That Very Old-Time Religion

Randall Stephens

What is religion? American religious history professors spend the first day of class going over that question. Profs round up the usual suspects for quotes: Plato, Thomas Aquinas, the two Ludwigs—Feuerbach and Wittgentsein—Freud, Clifford Geertz, Woody Allen . . . (Finding images of each for the requisite PowerPoint presentation is no trouble.) Religious studies departments offer whole courses that ponder the “what is” question. Of course, you can define religion in many, many ways.

So, I was intrigued when I watched National Geographic’s provocative special, the Neanderthal Code, which shed new light on that old, old question/subject. “Who were the Neanderthals? How human were they?” the program asks. “For 150 years the fate of our closest relatives has been a mystery. But now scientists can start answering these questions—with the help of DNA.” The special looks at how Neanderthals may have interacted with Homo sapiens and considers the possibility of genetic overlap.

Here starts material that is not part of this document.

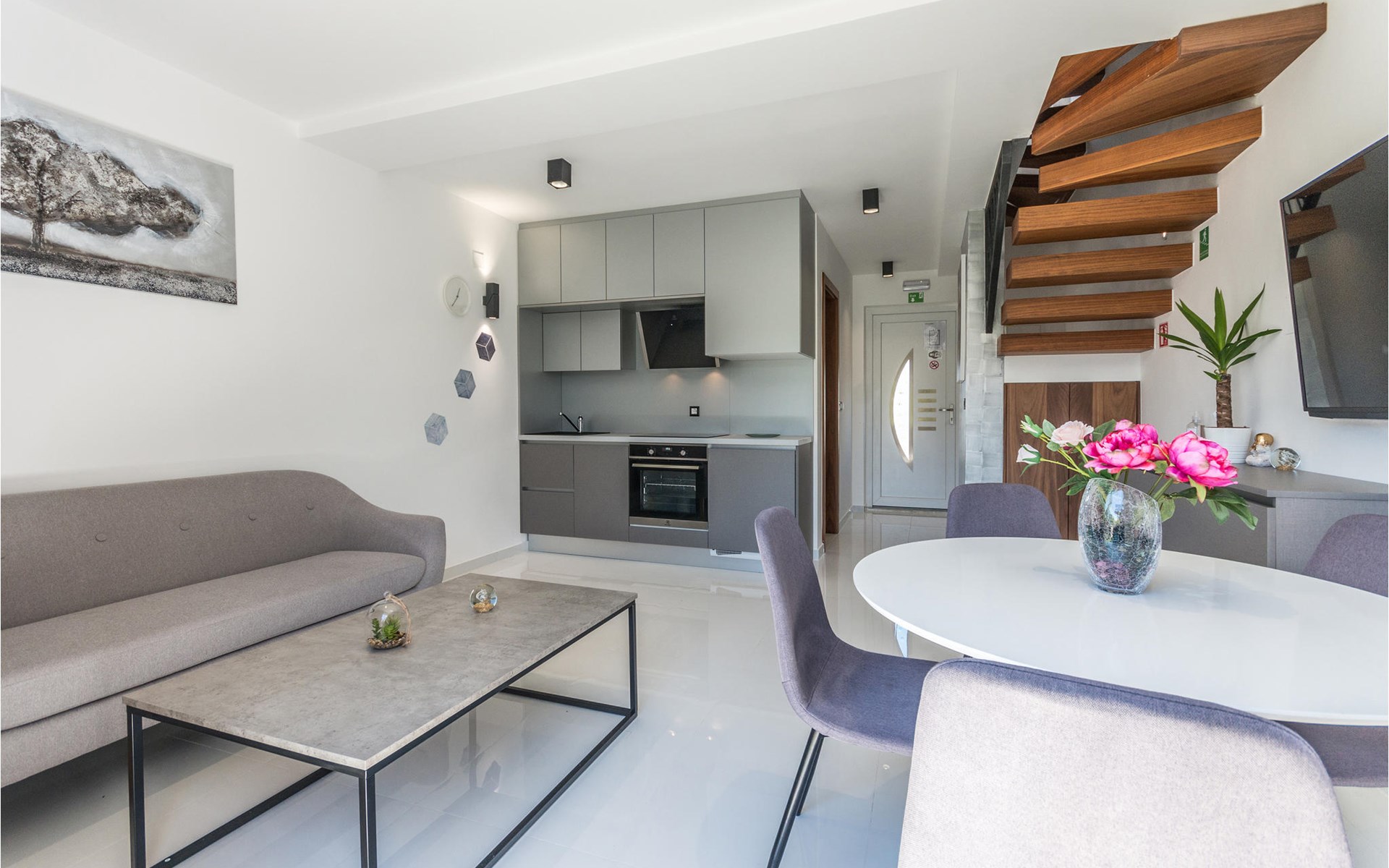 The terraced house has three floors connected by an interior staircase. On the first floor there is a kitchen with living room and bathroom, on the 1st floor 2 bedrooms with 1 bathroom and on the 2nd floor there is a party room with billiards, e-darts and smart TV. Air conditioning ensures pleasant temperatures even on hot summer days.

What drew my attention more than anything else, though, was a discussion of what may have been the religious beliefs of these now-long-gone human cousins. Reviewing the program in Archeology Zach Zorich comments:

Some of the most interesting parts of the documentary were the insights it provided into the lives of Neanderthals. The placement and preservation of certain Neanderthal remains indicates that they may have buried their dead. If that interpretation holds up it would show they believed in an afterlife. Likewise, chunks of the black pigment manganese dioxide have turned up at some Neanderthal sites showing signs of use. If the Neanderthals were using pigments to make paintings or to adorn themselves, it shows a previously unknown capacity for creating art.

Others have been skeptical about the archeological record, which represent some of the earliest burial sites in the world.

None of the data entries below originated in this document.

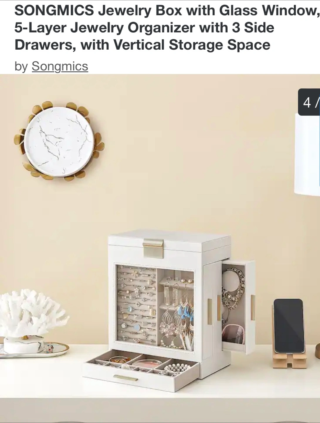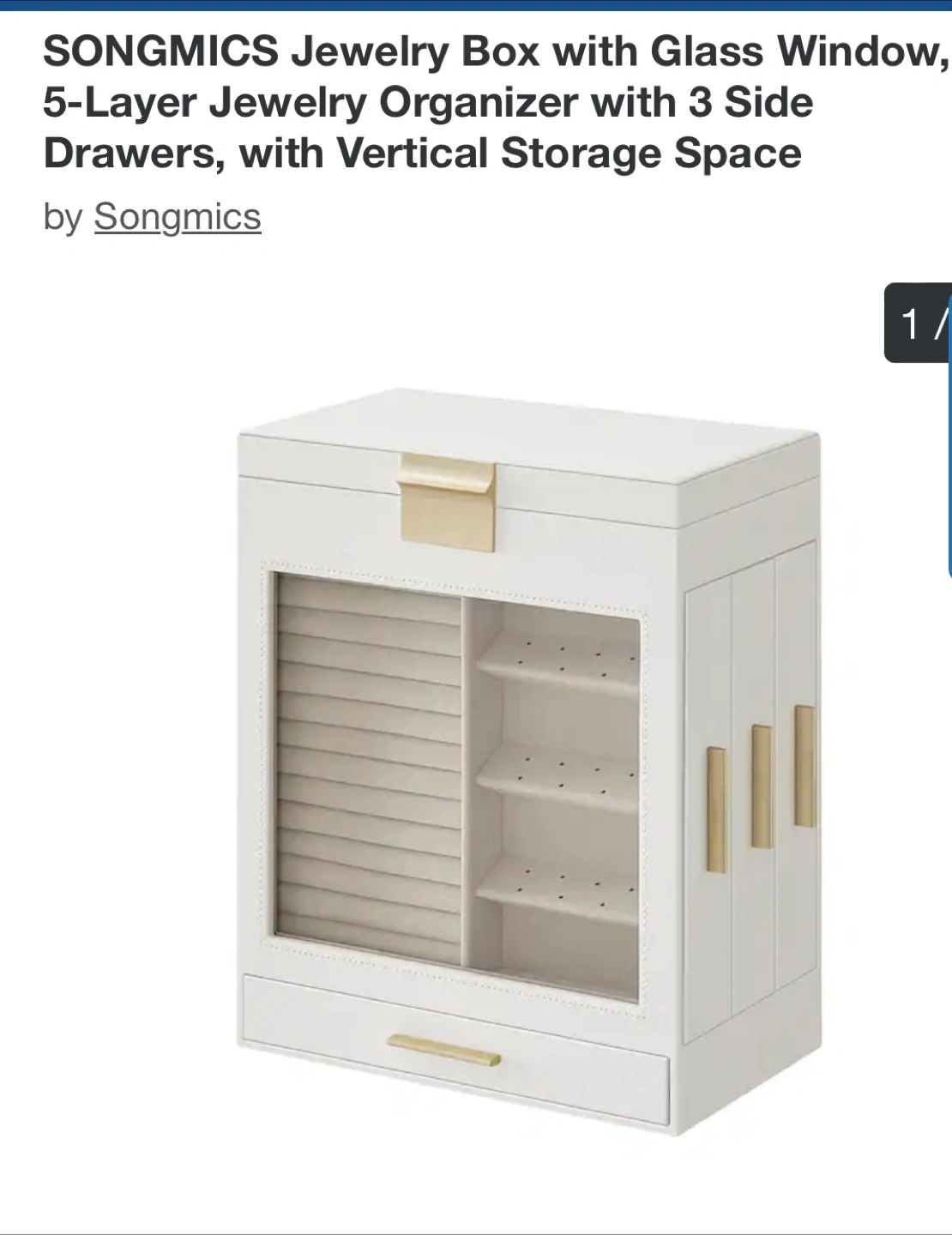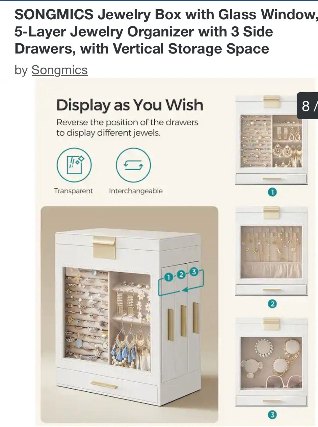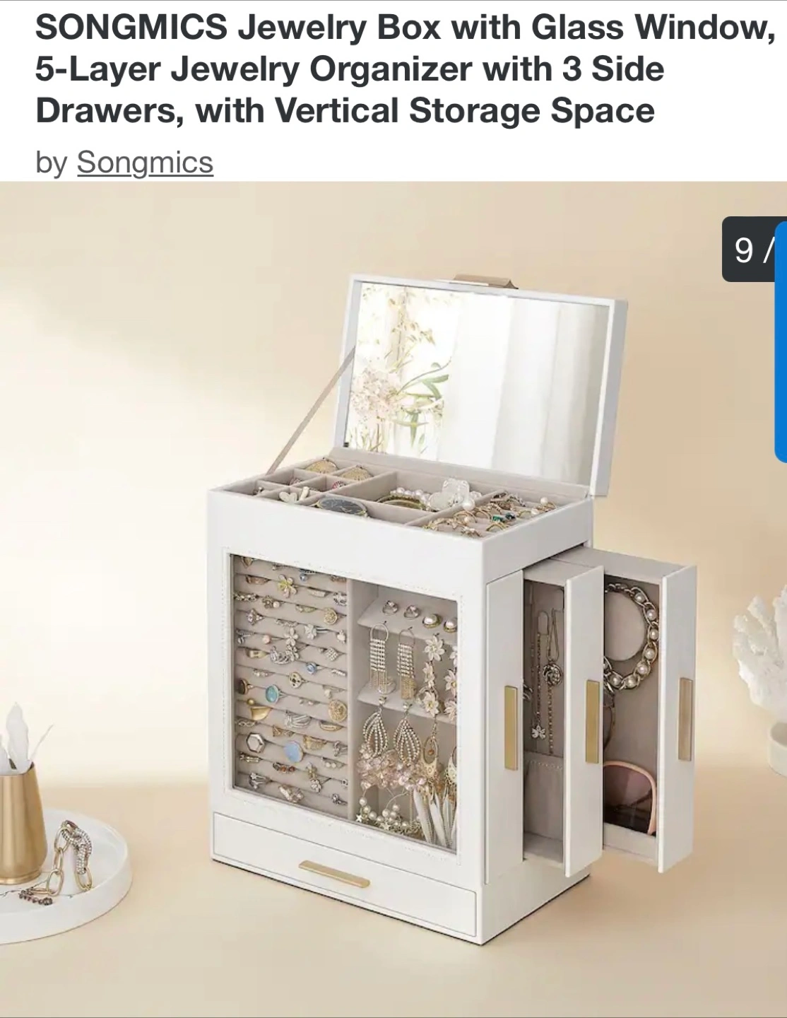 Five-layer jewelry organizer. Three side drawers. Vertical storage. Glass window display. Space-saving design. Organizes small items. Keeps jewelry tidy.
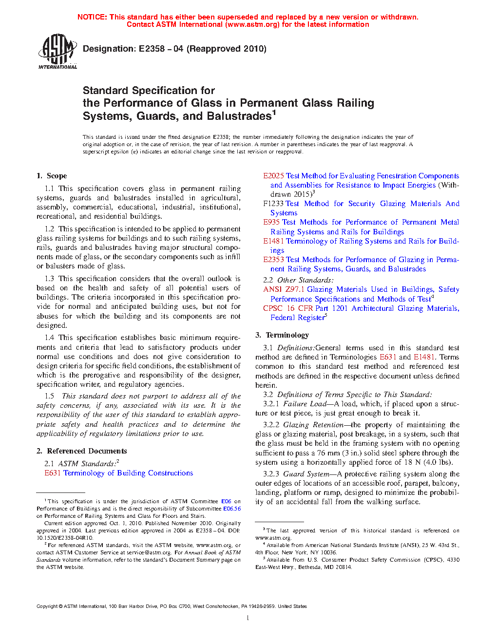 1.1 This specification covers glass in permanent railing systems, guards and balustrades installed in agricultural, assembly, commercial, educational, industrial, institutional, recreational, and residential buildings.
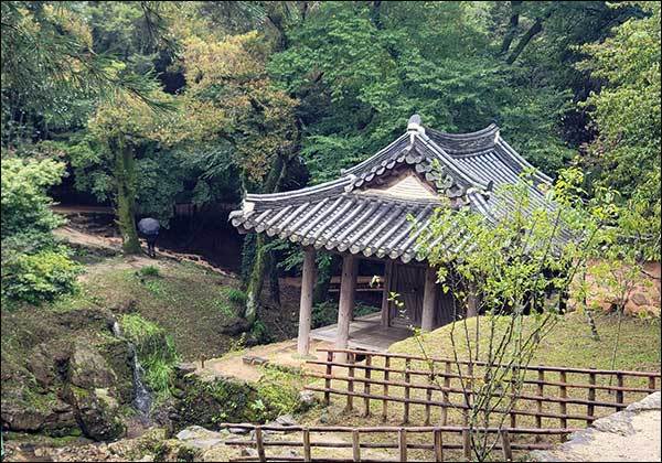직업상 일본의 고찰, 정원, 신사(神社) 등등 수없이 드나들면서 한때는 그곳들이 ‘질서정연하고 잘 다듬어진 아름다운 곳’이란 생각을 해본 적이 있다. 교토의 유명한 돌정원(石庭)이 있는 용안사(龍安寺, 료안지) 정원만 해도 고산수(枯山水, 가레산스이)라고 해서 돌이나 모래만을 배치하여 산수를 나타내는 곳으로 년중 관광객들로 절 문턱이 닳아 없어질 지경이다. 그러나 담장을 쌓고 그 안에 크고 작은 돌로 만든 교토의 돌정원 같은 구경거리는 없지만, 촉촉한 가을비 소리를 들으며 제월당 툇마루에 앉아 대나무숲과 정원을 가로질러 흐르는 계곡 물소리를 듣는 정서는 한국의 정원이 아니면 맛볼 수 없는 정경이란 생각이 든다.

And so that brings me to the little diorama I created with Photoshop (the image posted to the right. Click to enlarge). My friend Bryan Zimmerman and I were talking about the possibility of Neanderthal religion and Neanderthal conceptions of God. Would they have had a Neanderthal-centric view of God or something altogether nebulous? (I went with the former for the diorama because I thought it was funnier.) Does a God or do Gods survive the death of the faithful? Bryan described that as the lower case “g” god. Who/what did the Hittites believe in again?

Comments

Anonymous said…
Mark C. Taylor: "The most misunderstood concept in the study of religion is religion."

http://www.columbia.edu/cu/news/clips/2004/11/01/misunderstoodconceptsCHRONICLE.pdf
Edwardtbabinski said…
Judging by early human cave art, and archeological digs from the earliest sites, animals were portrayed prominently, far more prominently than human beings. Perhaps the religion of early man was animism?

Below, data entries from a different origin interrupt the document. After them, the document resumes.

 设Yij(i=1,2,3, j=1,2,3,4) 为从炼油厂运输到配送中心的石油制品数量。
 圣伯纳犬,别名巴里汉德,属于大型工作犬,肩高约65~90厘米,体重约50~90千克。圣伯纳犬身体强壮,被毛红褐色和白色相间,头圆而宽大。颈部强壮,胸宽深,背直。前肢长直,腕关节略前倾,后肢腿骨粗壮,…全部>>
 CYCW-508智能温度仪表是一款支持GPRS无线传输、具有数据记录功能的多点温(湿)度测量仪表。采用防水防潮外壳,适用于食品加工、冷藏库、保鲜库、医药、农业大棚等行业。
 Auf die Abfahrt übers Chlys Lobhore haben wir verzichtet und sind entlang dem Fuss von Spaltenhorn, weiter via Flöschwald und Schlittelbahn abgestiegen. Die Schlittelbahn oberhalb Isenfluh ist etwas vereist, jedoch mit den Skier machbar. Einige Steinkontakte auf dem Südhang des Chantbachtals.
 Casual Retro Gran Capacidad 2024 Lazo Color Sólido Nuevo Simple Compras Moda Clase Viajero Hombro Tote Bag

Of course there's also some very early plump female figurines in stone.
John G. Turner said…
Why is burying the dead taken as evidence of belief in an afterlife? Couldn't one bury one's relative to avoid watching a corpse decay or get eaten by scavengers?
Randall said…
I think it's usually the ornaments, tokens, baubles that go with the dead that give some clues to religious belief. Why would primitive hominids bury their best sundries with a decomposing corpse?
Anonymous said…
According to the intro textbook I use (Ludwig's Sacred Paths of the West), the idea that Neanderthals had some form of religion is relatively uncontroversial, based not on the *fact* that they buried their dead, but that (at certain sites) they always oriented bodies in a particular way, they included tools or other artifacts with the body, and/or they painted the body with red ochre or surrounded it with a circle of stones.

If there's doubt about this, I'll have to spend some time looking around at evidence to the contrary - it's not a period I'm familiar with - but my various internet searches to pull up nifty pictures of skeletons with ochre, etc. seem to confirm it.
John G. Turner said…
Thanks for the additional information -- that makes more sense.
Anonymous said…
Also depends on how you define religion. Purposeful burial of the dead need not have any sense of an afterlife to still be considered a form of religious practice.